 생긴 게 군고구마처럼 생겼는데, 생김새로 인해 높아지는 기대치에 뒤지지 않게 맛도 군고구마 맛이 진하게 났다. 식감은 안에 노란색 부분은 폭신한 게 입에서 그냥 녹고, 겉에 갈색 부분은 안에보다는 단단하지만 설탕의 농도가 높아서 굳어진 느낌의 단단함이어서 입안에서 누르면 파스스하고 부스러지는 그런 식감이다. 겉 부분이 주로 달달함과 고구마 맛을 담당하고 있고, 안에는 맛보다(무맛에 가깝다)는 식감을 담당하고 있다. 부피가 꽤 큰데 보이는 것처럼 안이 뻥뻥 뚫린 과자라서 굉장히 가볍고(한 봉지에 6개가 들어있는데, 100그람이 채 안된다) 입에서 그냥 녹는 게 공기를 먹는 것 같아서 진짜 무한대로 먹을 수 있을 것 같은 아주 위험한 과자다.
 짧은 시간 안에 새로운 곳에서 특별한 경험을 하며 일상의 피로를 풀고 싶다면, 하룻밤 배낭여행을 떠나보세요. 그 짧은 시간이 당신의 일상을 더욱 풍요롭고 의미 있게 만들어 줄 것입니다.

....

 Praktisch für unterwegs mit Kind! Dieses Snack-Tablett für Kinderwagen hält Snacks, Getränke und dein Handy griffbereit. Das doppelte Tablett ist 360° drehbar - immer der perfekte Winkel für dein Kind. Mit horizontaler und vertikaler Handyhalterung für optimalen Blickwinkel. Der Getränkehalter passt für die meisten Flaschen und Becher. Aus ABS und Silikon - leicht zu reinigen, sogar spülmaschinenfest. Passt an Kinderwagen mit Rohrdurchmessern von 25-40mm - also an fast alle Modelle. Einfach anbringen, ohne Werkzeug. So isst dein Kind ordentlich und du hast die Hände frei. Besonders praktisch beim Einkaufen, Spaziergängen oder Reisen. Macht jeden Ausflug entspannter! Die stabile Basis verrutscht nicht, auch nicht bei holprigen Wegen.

....

■ Assignment ■
Retype only the lines above between the line with "생긴 게 군고구마처럼" and the line with "짧은 시간 안에 새로운", counting those two lines as well, and keep every character as it is.

■ Answer ■
 생긴 게 군고구마처럼 생겼는데, 생김새로 인해 높아지는 기대치에 뒤지지 않게 맛도 군고구마 맛이 진하게 났다. 식감은 안에 노란색 부분은 폭신한 게 입에서 그냥 녹고, 겉에 갈색 부분은 안에보다는 단단하지만 설탕의 농도가 높아서 굳어진 느낌의 단단함이어서 입안에서 누르면 파스스하고 부스러지는 그런 식감이다. 겉 부분이 주로 달달함과 고구마 맛을 담당하고 있고, 안에는 맛보다(무맛에 가깝다)는 식감을 담당하고 있다. 부피가 꽤 큰데 보이는 것처럼 안이 뻥뻥 뚫린 과자라서 굉장히 가볍고(한 봉지에 6개가 들어있는데, 100그람이 채 안된다) 입에서 그냥 녹는 게 공기를 먹는 것 같아서 진짜 무한대로 먹을 수 있을 것 같은 아주 위험한 과자다.
 짧은 시간 안에 새로운 곳에서 특별한 경험을 하며 일상의 피로를 풀고 싶다면, 하룻밤 배낭여행을 떠나보세요. 그 짧은 시간이 당신의 일상을 더욱 풍요롭고 의미 있게 만들어 줄 것입니다.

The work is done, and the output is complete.